# Gila River In Danger! Last Chance to help!



## Andy H. (Oct 13, 2003)

Done. Thanks for getting this out here, Evan!


----------



## caverdan (Aug 27, 2004)

The bottom of the petition says it is targeted for "New Mexico residents only". Will our message still be received if we are from out of state?


----------



## Issip (Apr 7, 2011)

*Signed*

Signed. 

This is one of the most senseless projects I've ever heard of. There is no feasible way to obtain any water from the proposed diversion at an affordable cost to would be customers, and possibly no way to obtain any usable water period.

The amount of water they want to try for wouldn't make any difference to the water situation in SouthWest New Mexico, and they want to tear up the Gila River Valley from Mogollon creek to Turkey creek to do it!

The fact that the idiots who have proposed this have not yet been run out of the state by an angry mob can only be explained by the fact that all of the planning was done in secret and they managed to keep the public uninformed.
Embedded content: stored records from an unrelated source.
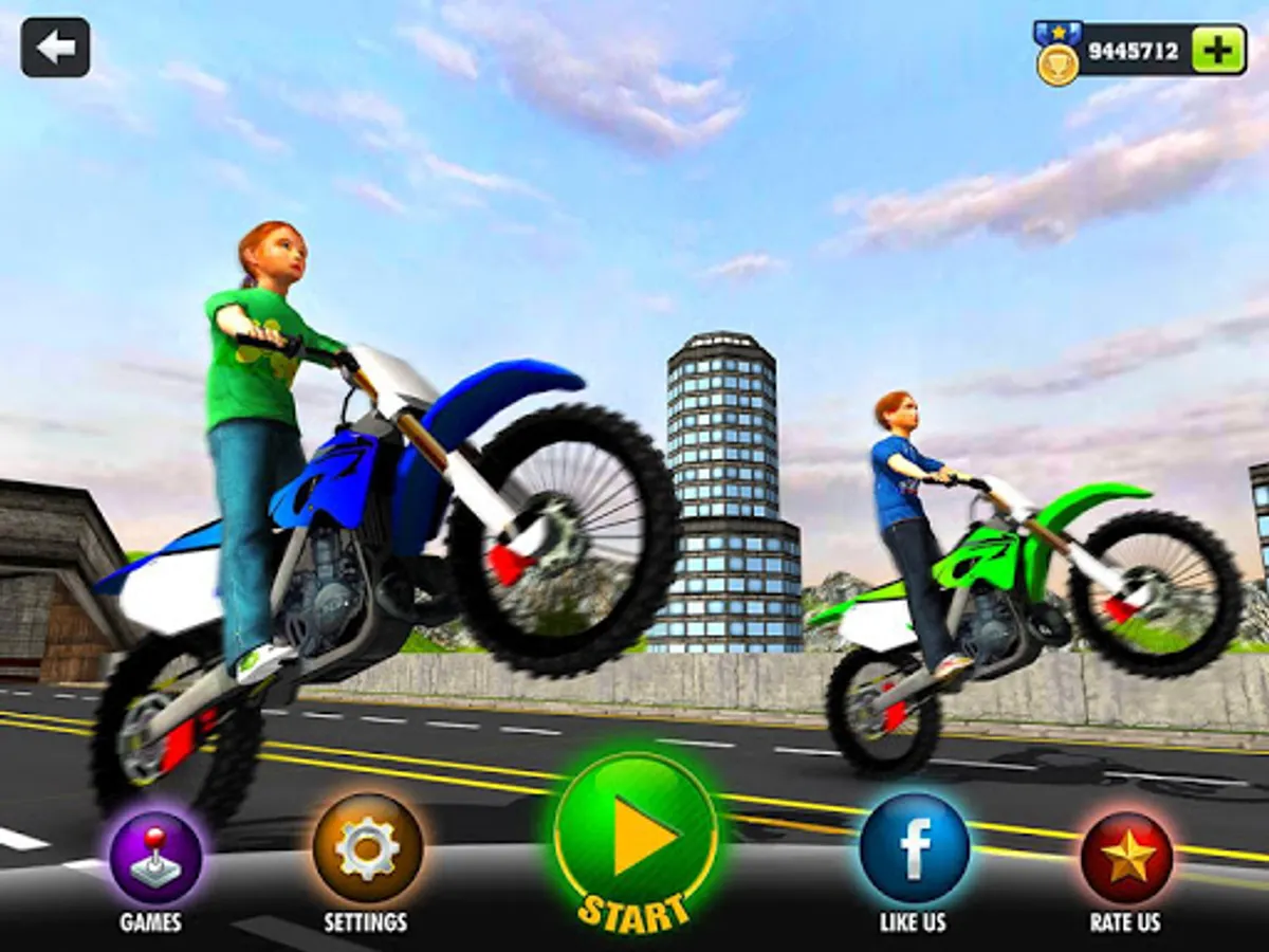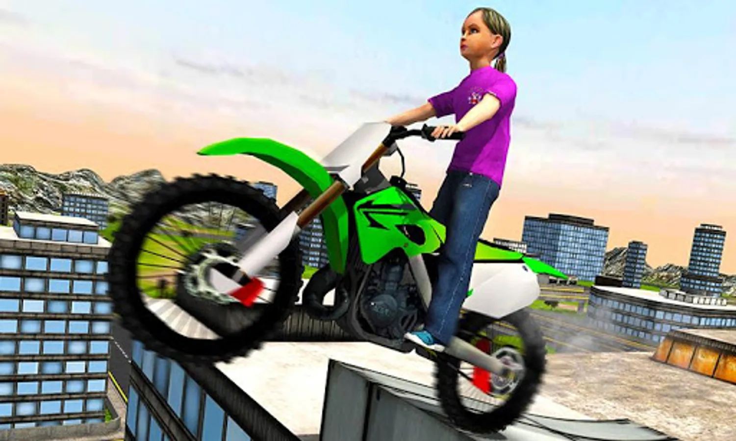 Hey it’s time for motorcycle ride on city rooftop. Take control of motorbike on rooftops of modern city. Both boys and girls can perform city stunts by riding motor bike on roof building of city. While stunt riding take motorbike safety by wearing helmet. Avoid the crazy obstacles by doing rooftop jumping on goosebumps. Ride different as a super kid to be a legend of motor bike racing by driving on impossible tracks
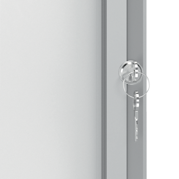 - Udendørs vejrbestandigt låsbart opslagsskab med hængslet låge i sikkerhedsglas og med sidelås
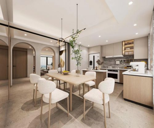 这套房屋是全明户型,南北通透,有优越的采光与通风条件,晴天可以畅享阳光与轻风的呵护,感受着光的温存和风的轻柔,温馨。白色与原木的搭配,渲染出一个简洁、温润的居室空间。搭配轻奢质感的大理石家具、绿植作为装饰,自然与浪漫结合,高雅的格调氤氲而生。
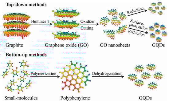 Figure 1. Schematic diagram of top-down and bottom-up GQDs synthesis methods (Reproduced with permission from [79]. Copyright 2012, Royal Society of Chemistry).
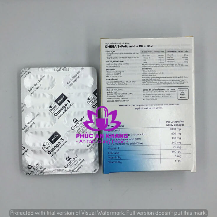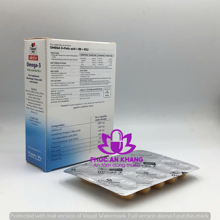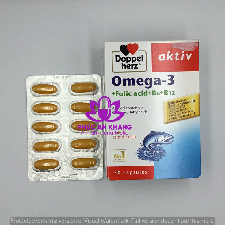 Thuốc Omega-3 + Folic acid + B6 +B12 Doppelherz Aktiv Thực phẩm bảo vệ sức khỏe, cung cấp Omega-3 và các dưỡng chất thiết yếu cho cơ thể.

If you're going to spend nearly a billion dollars and destroy beautiful wilderness you should at least have something to show for it, and in this case there's nothing.


----------



## AW-Evan (May 27, 2014)

My understanding is out of state messages will still be received.


----------



## dinsdaba (Jan 13, 2012)

fewer than 1/10th the views of a thread titled "Rabbits!!!" ... quite the mobilization. 
and you couldn't ask for an easier way to make a small contribution toward free flowing rivers.


----------



## dryfly (Jan 15, 2011)

Signed!
Thanks for the work on this!


----------



## restrac2000 (Mar 6, 2008)

Signed, thanks for the heads up.

Phillip


----------



## Sembob (Feb 27, 2014)

Signed. 
I hope they see the value in out of state interest. This is why I never gripe (much) when rivers are crowded whether with floaters or fisherman. Sometimes the saying " use it or lose it" pertains to our rivers. Good luck. 


Jim


----------



## caverdan (Aug 27, 2004)

Thanks Even for keeping up on this. I did sign it and received a letter back from the CBD. I'm glad to see them behind this effort. They are a group that can hopefully put a stop to this stupid and distructive BS.

Come on fellow Buzzards.......let's get this thing done.


----------



## wildh2onriver (Jul 21, 2009)

Signed it, this river is a real gem.


Sent from my iPhone using Mountain Buzz


----------



## sarahkonamojo (May 20, 2004)

wake up! Do it.
SarahD

The online petition says it is "targeted" at New Mexico residents. Their inbox can be flooded anyway. Email addresses so not include your state of residence. Worth the effort.


----------



## jmacn (Nov 20, 2010)

Signed. CBD is a powerful group & I hope they can help stop this BS.


----------



## GC Guide (Apr 10, 2009)

Signed!


----------



## 2kanzam (Aug 1, 2012)

Sembob said:


> Signed.
> I hope they see the value in out of state interest. This is why I never gripe (much) when rivers are crowded whether with floaters or fisherman. Sometimes the saying " use it or lose it" pertains to our rivers. Good luck.


 
That is a good point.


Isn't the Gila home to a threatened or endangered species of native trout? Stuff like this typically doesn't bode well for stressed populations of fish!


----------



## Swank (Jun 20, 2009)

Signed


----------



## baguaninja (Apr 7, 2006)

Done


----------



## lmyers (Jun 10, 2008)

Signed and shared. Thanks for all the work you and Nathan do to protect our rivers Evan.


----------



## hkydef (Jun 7, 2006)

Signed and shared.


----------